--- Data Enclosed Below ---

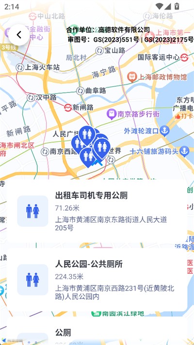 5、点击附近公厕会为你推荐附近的公厕位置,并且还会有详细的距离展示。
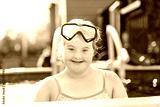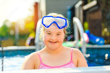 Smiling cute little caucasian girl in outdoor pool in sunny day.
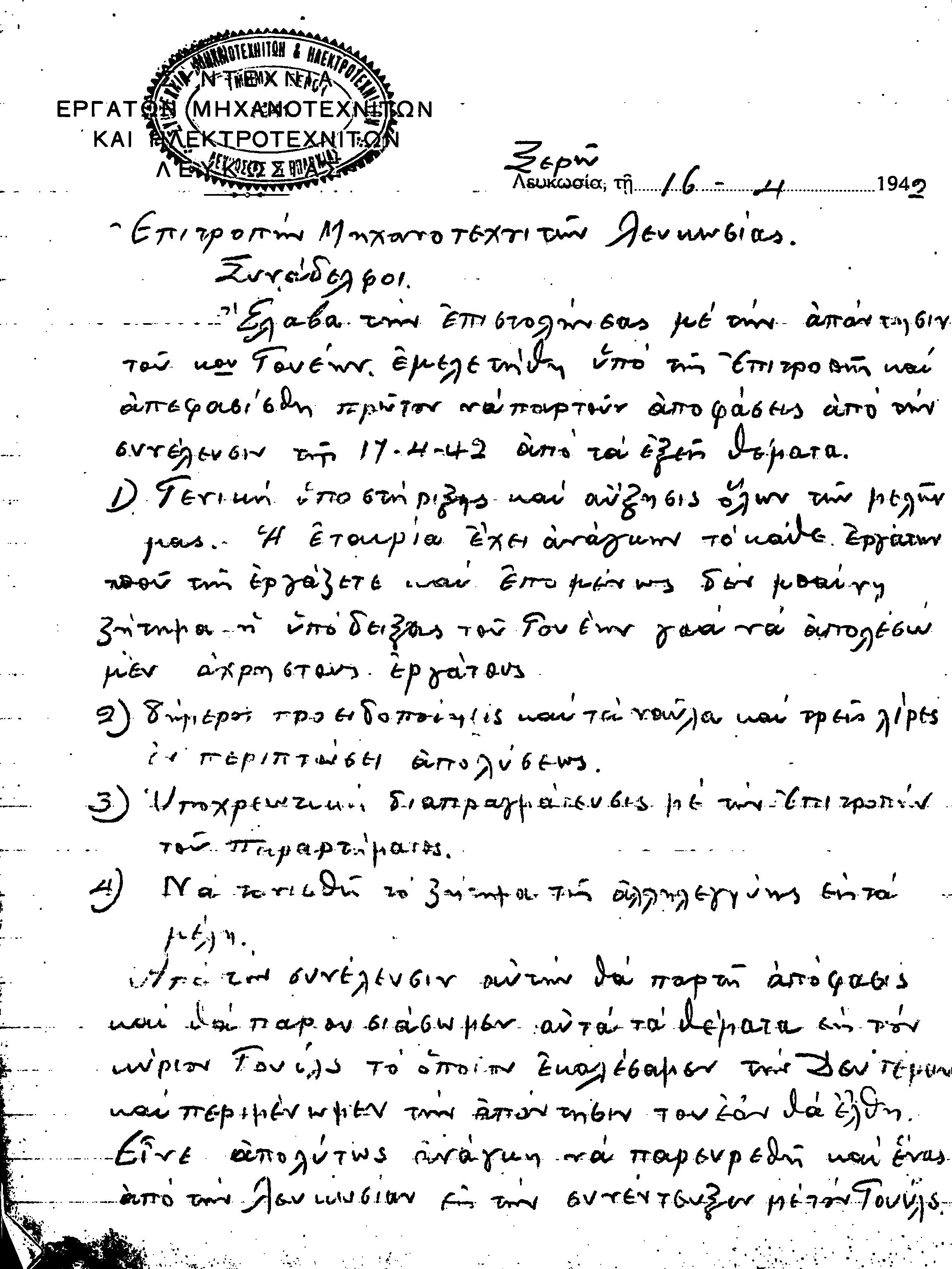 ΕΓΓΡΑΦΑ ΣΥΝΤΕΧΝΙΑΣ ΜΗΧΑΝΟΤΕΧΝΙΤΩΝ ΚΑΙ ΗΛΕΚΤΡΟΤΕΧΝΙΤΩΝ 1939-1953
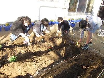 12月4日(木)に後援会の皆様、保護者の皆様による花*プロジェクトを行いました。今回は、環境委員会の児童と一緒にチューリップの球根と数種類の花苗を植えました。いつも所小のためにご協力いただき、ありがとうございます。子ども達も花の配置を考え、上手に植えていました。きれいな花を楽しむとともに、春に咲くチューリップをとても楽しみにしています。
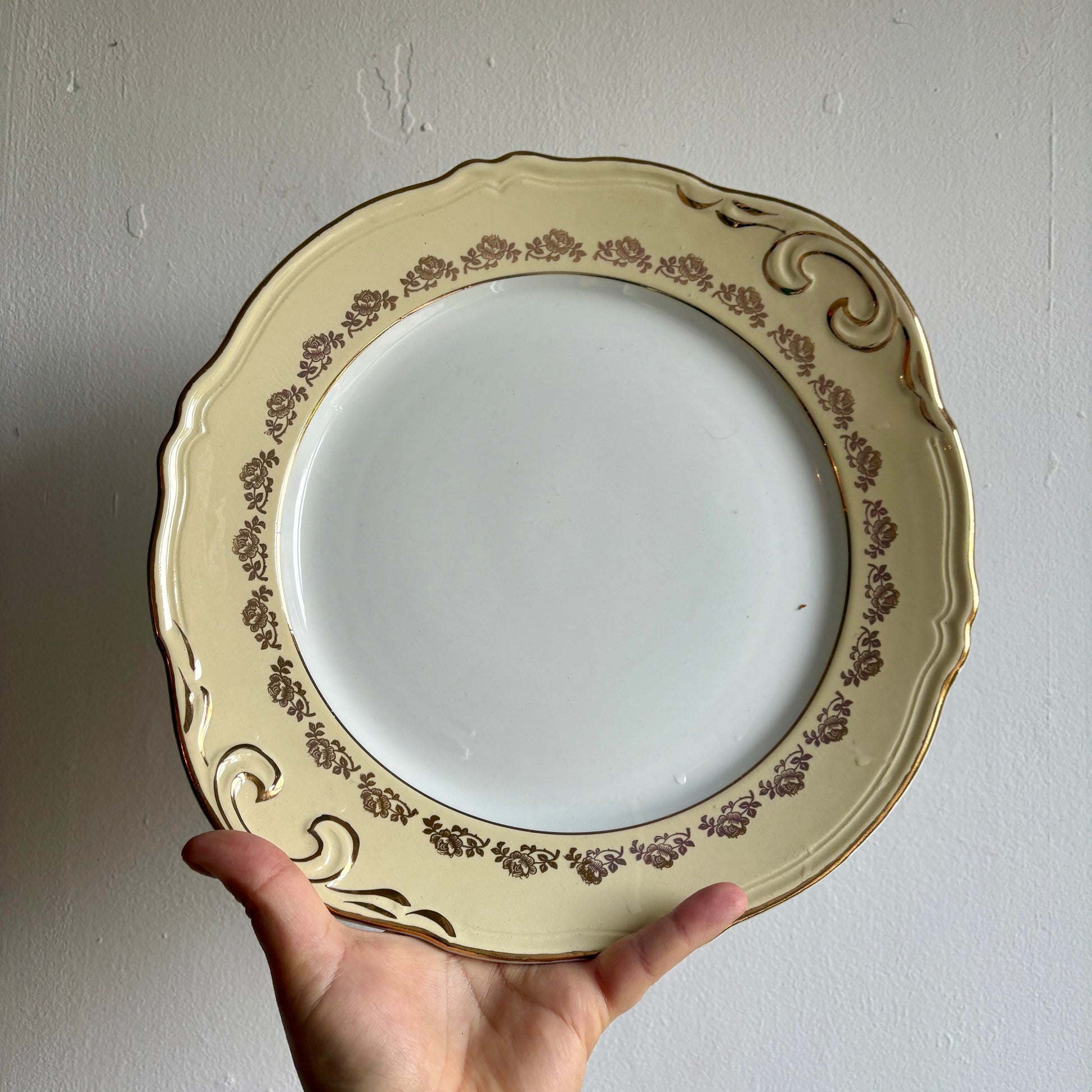 Service à gâteau vintage l'Amandinoise jaune et or
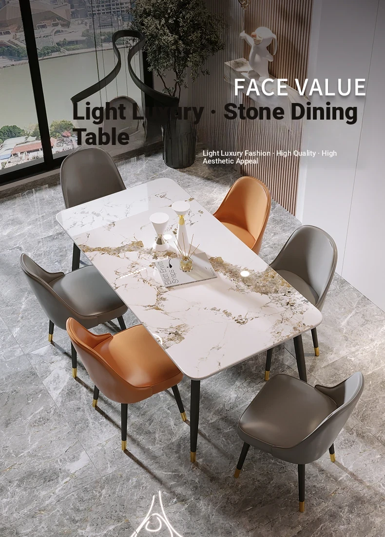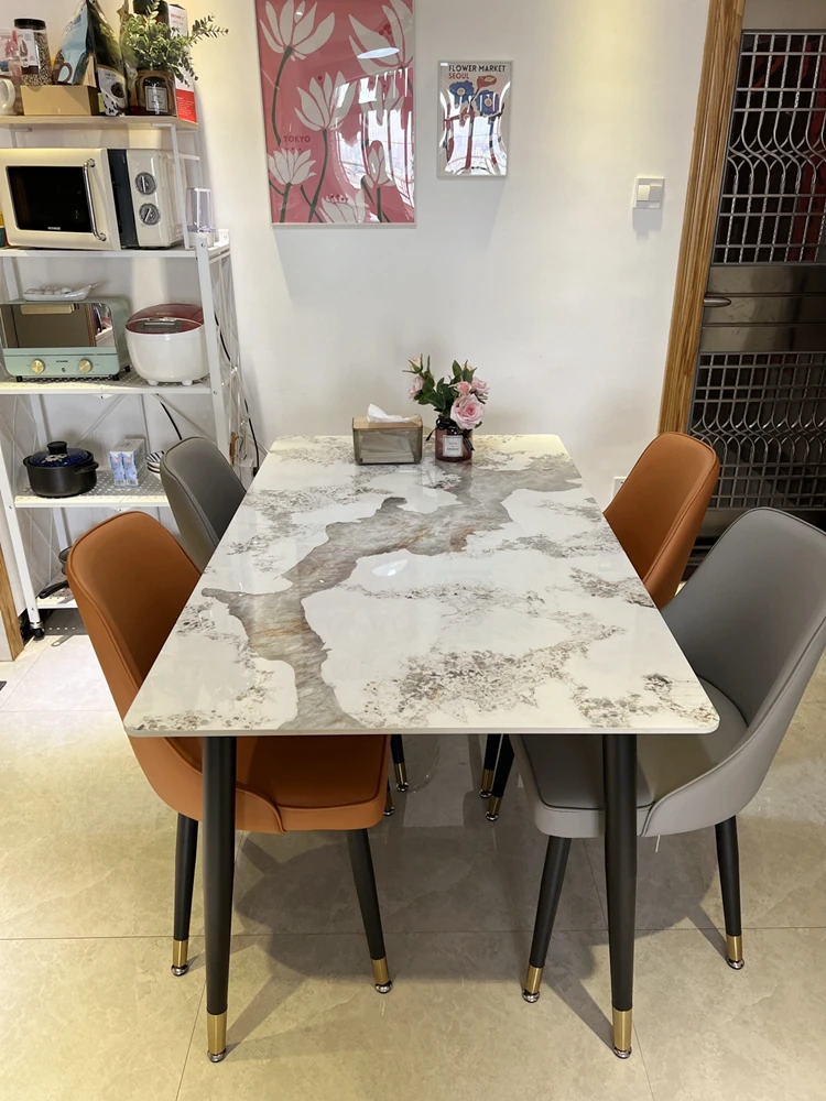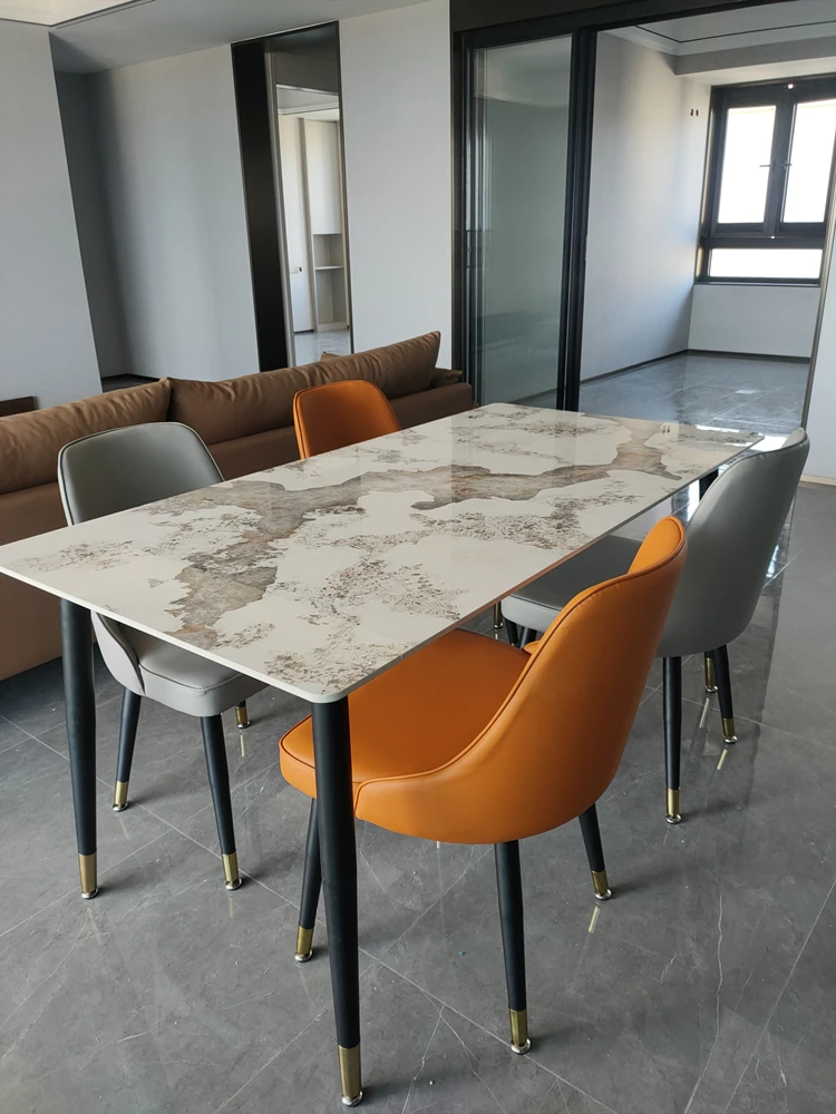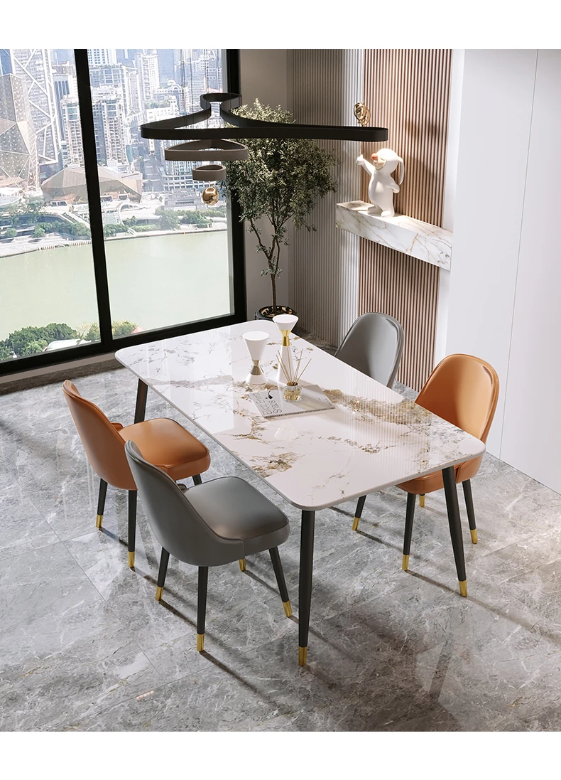 Style 2 Light luxury orange leather table chair (2 sets)
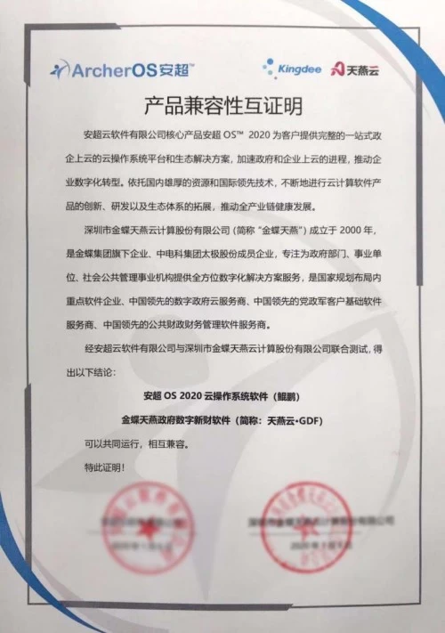 安超OS 2020与金蝶天燕政府数字新财软件完成适配后,安超OS 2020的用户可以安全、稳定、快速的使用金蝶天燕政府数字新财软件。而金蝶天燕政府数字新财软件的用户则可以通过此次双方的结合互补,获得更加丰富的一体化财务解决方案,全面促进政府财务管理水平的提高和财政经济的可持续发展。
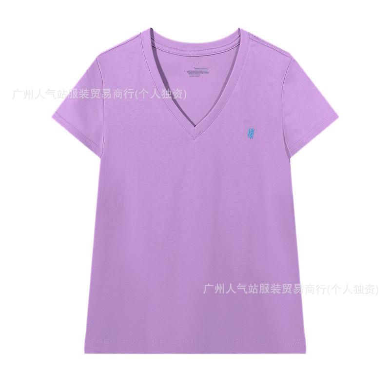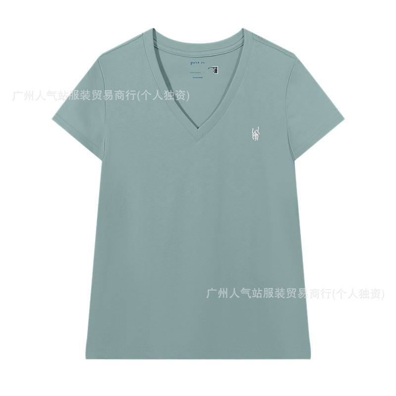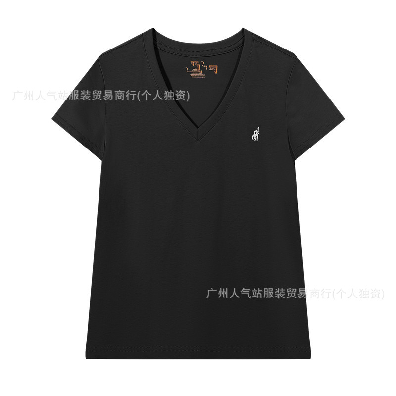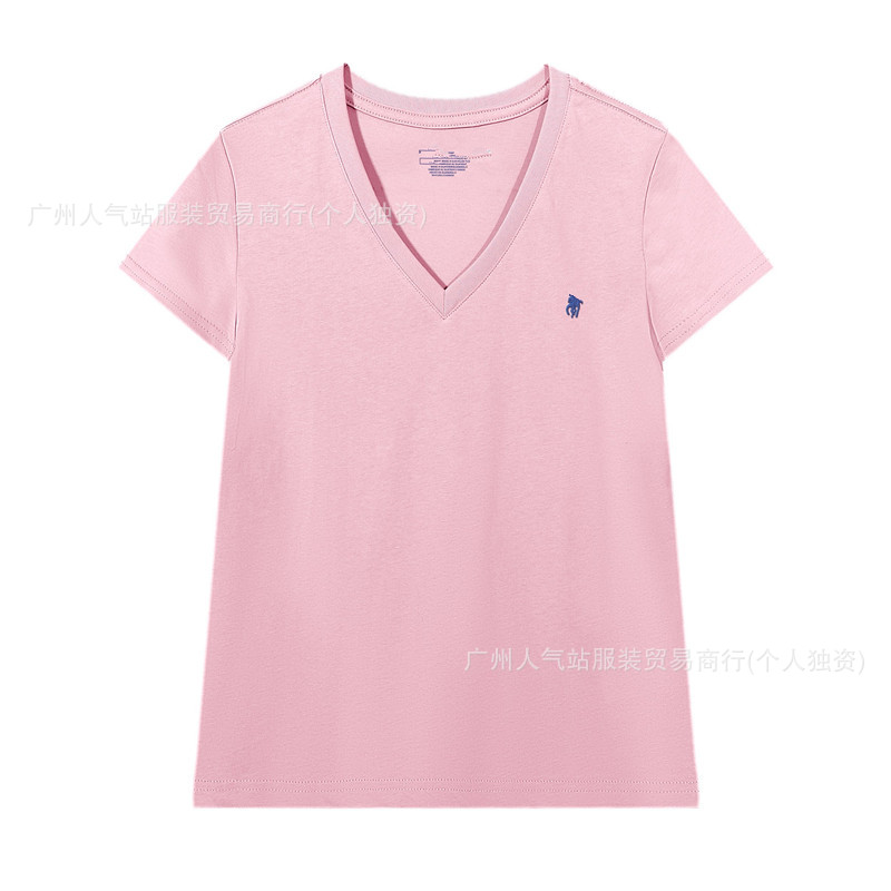 조랑말 자수 어깨 유행 V-Neck 반팔 티셔츠 여성의 여름 뜨거운 소녀의 단단한 허리 슬림스토어 가기

--- End of Enclosed Data ---

#### [The problem]
Give the entries again, exactly and in full, with no image included.

#### [Exercise response]
 5、点击附近公厕会为你推荐附近的公厕位置,并且还会有详细的距离展示。
 Smiling cute little caucasian girl in outdoor pool in sunny day.
 ΕΓΓΡΑΦΑ ΣΥΝΤΕΧΝΙΑΣ ΜΗΧΑΝΟΤΕΧΝΙΤΩΝ ΚΑΙ ΗΛΕΚΤΡΟΤΕΧΝΙΤΩΝ 1939-1953
 12月4日(木)に後援会の皆様、保護者の皆様による花*プロジェクトを行いました。今回は、環境委員会の児童と一緒にチューリップの球根と数種類の花苗を植えました。いつも所小のためにご協力いただき、ありがとうございます。子ども達も花の配置を考え、上手に植えていました。きれいな花を楽しむとともに、春に咲くチューリップをとても楽しみにしています。
 Service à gâteau vintage l'Amandinoise jaune et or
 Style 2 Light luxury orange leather table chair (2 sets)
 安超OS 2020与金蝶天燕政府数字新财软件完成适配后,安超OS 2020的用户可以安全、稳定、快速的使用金蝶天燕政府数字新财软件。而金蝶天燕政府数字新财软件的用户则可以通过此次双方的结合互补,获得更加丰富的一体化财务解决方案,全面促进政府财务管理水平的提高和财政经济的可持续发展。
 조랑말 자수 어깨 유행 V-Neck 반팔 티셔츠 여성의 여름 뜨거운 소녀의 단단한 허리 슬림스토어 가기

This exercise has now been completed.